Interview on Mahershala Ali by The Mercury News - Inscris-toi gratuitement et surfe sans pub !
To those who remember Hayward’s Mahershala Ali’s time on the basketball court, it’s fitting he won the Oscar for best supporting actor Sunday for his role in “Moonlight.”
Ali, known then as Hershal Gilmore while helping Mt. Eden High reach the Division III state championship in 1990, was the ultimate team player. Although one of the more talented players in the East Bay, the 6-foot-3 sophomore eagerly accepted a reserve role that year after transferring from rival Hayward.
“He didn’t start for us when he first got there because it wouldn’t have been good for our program,” said Ron Benevides, his Mt. Eden coach. “He just came to practice, worked hard. Didn’t complain. Just a super kid.”
It has been especially gratifying for Benevides and his family to see Ali achieve success as an actor.
“We still kind of keep an eye on him,” he said. “He’s on all the talk shows. It’s great to see kids like that come from a place where they could have gone either way. He chose to go the good way.
“He didn’t have a real normal family situation,” Benevides said of Ali’s high school days. “His step-dad was in New York (acting on Broadway) and he ended up with his grandparents. They didn’t miss a game. He understood right from wrong and that came from a good raising by his grandparents.”

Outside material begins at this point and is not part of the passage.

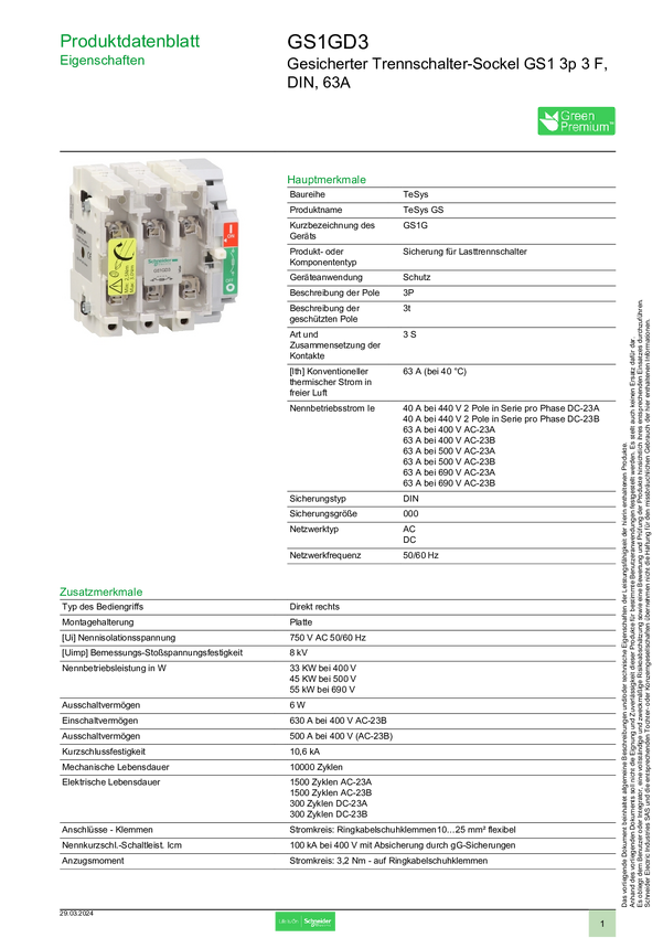 Schneider Electric GS1GD3 Podstawa, Przełącznik rozłączający 1 szt.
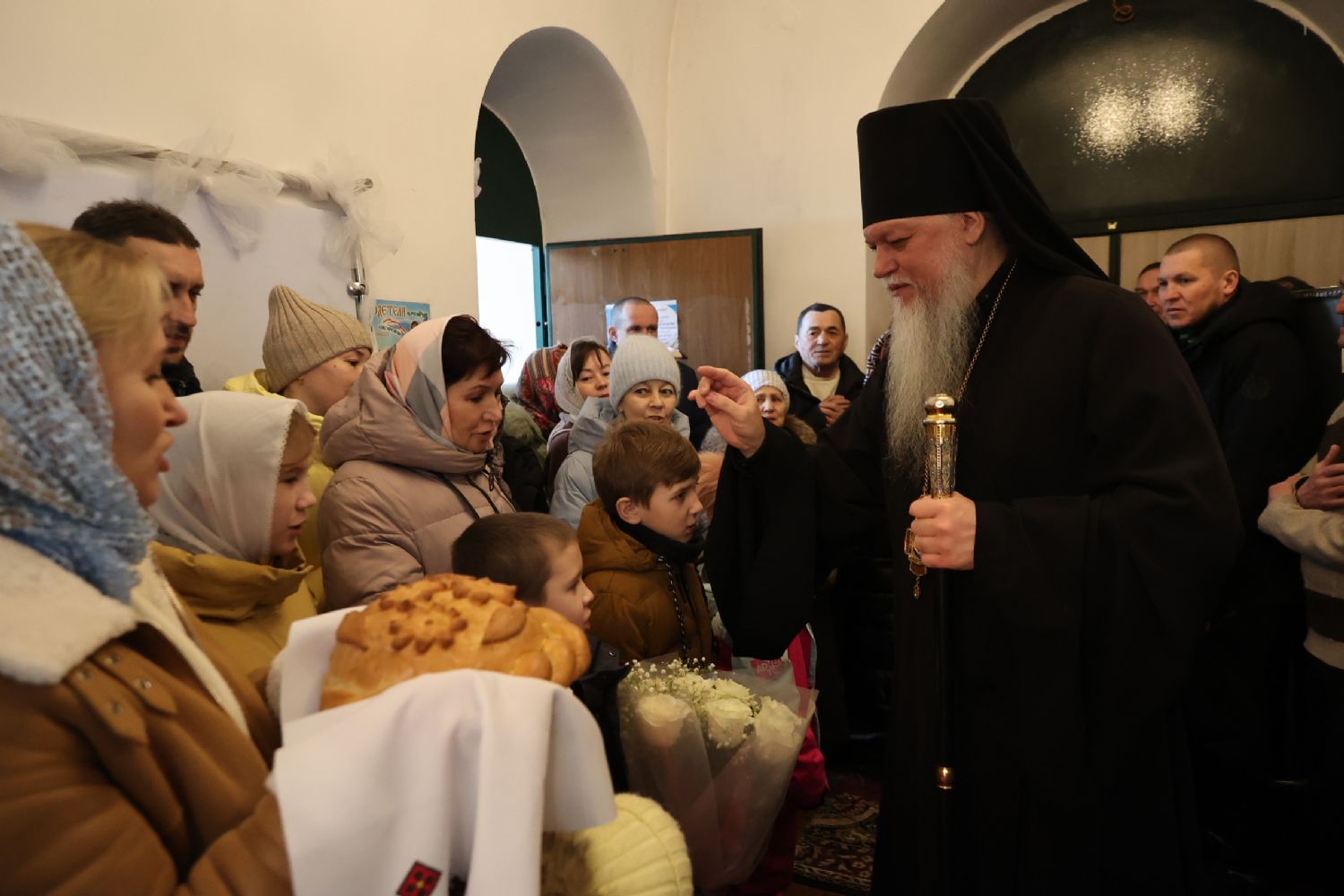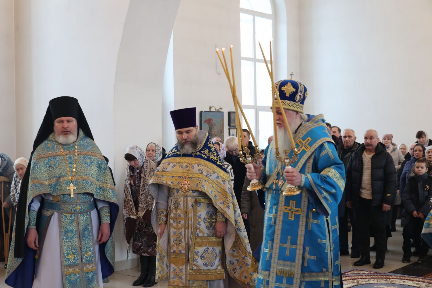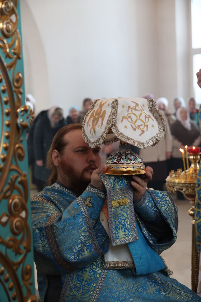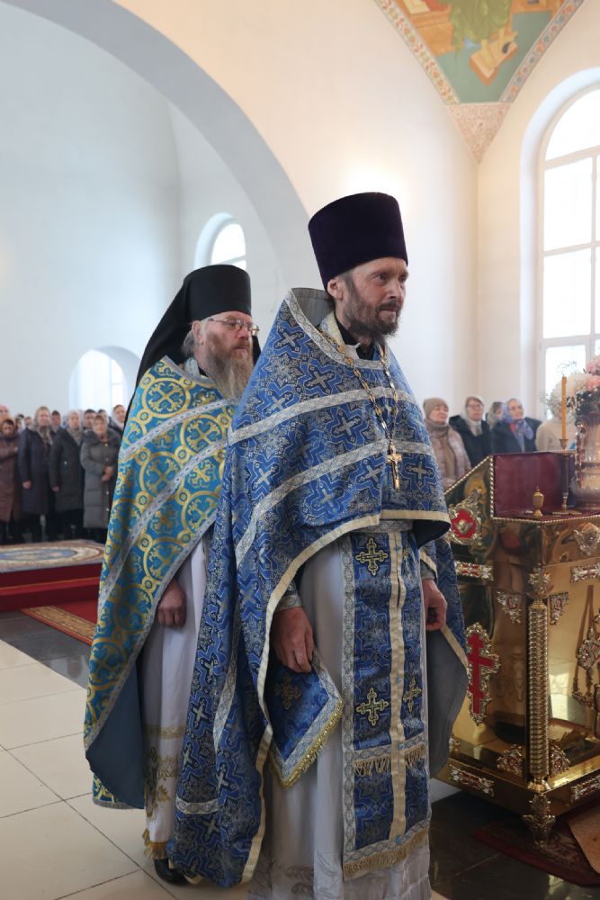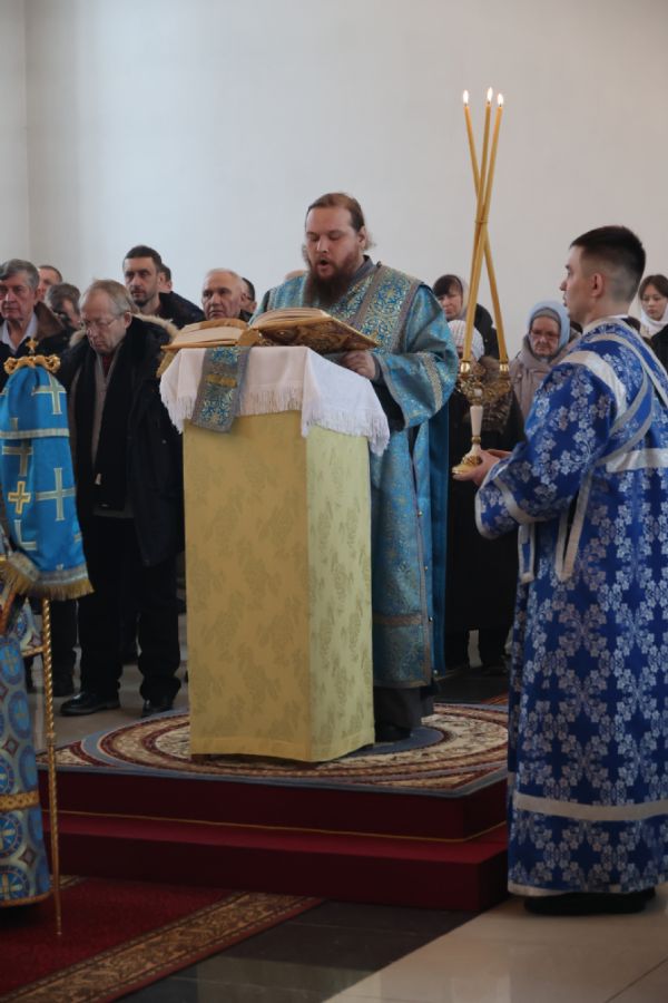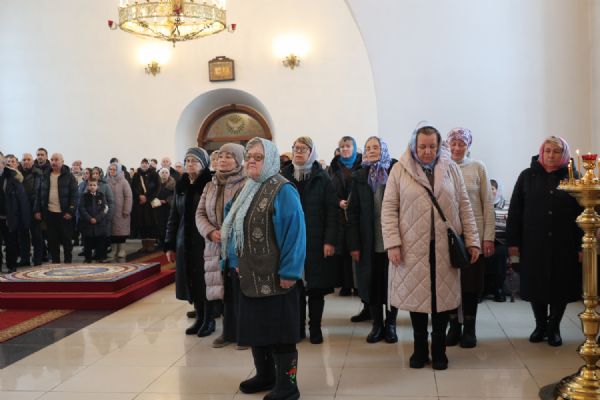Также епископ Феофан напомнил о евангельских событиях праздника Сретения Господня. Ветхозаветный закон предписывал женщинам, родившим младенца мужского пола, по истечении 40 дней принести в храме благодарственную и очистительную жертву. И хотя Рождество Иисуса Христа не нарушило девства Пречистой Матери, Она, повинуясь закону, со смирением пришла во храм, неся на руках Богомладенца Христа.

At Mt. Eden, Ali was lauded as a do-everything kind of player whose attitude, hustle and determination helped him earn a scholarship to Saint Mary’s.
Ali literally made a name for himself at Saint Mary’s, asking to be referred to as Mahershala Gilmore. But his basketball career with the Gaels never took off. He averaged a career-high 7.0 points as a senior, but scored just 3.6 points in a four-year career playing for coach Ernie Kent that soured him on the game.
“Honestly, I kind of resented basketball by the end of my time there,” Ali said in an interview with Saint Mary’s website. “I’d seen guys on the team get chewed up, spat out and I was personally threatened with being shipped off to the University of Denver.
“All in the name of wins and productivity.”
His Division I basketball experience was a far cry from his days in the Hayward Area Athletic League.
While at Mt. Eden, Ali was one of a wave of players who sacrificed personal goals while buying into Benevides’ team-first mantra. That team was so evenly balanced and operated so well together that the local paper, our Hayward Daily Review, took the unprecedented step of naming the entire team as its Prep of the Week.
Utilizing an 11-man rotation, the team’s depth keyed an improbable run to a 28-8 record and a stunning berth in the state championship game. Ali and his teammates, though, lost 67-51 to Servite of Anaheim in the title game at the Coliseum Arena.
It took a few years and a different career path, but on Sunday night Ali got the Hollywood ending he was destined for.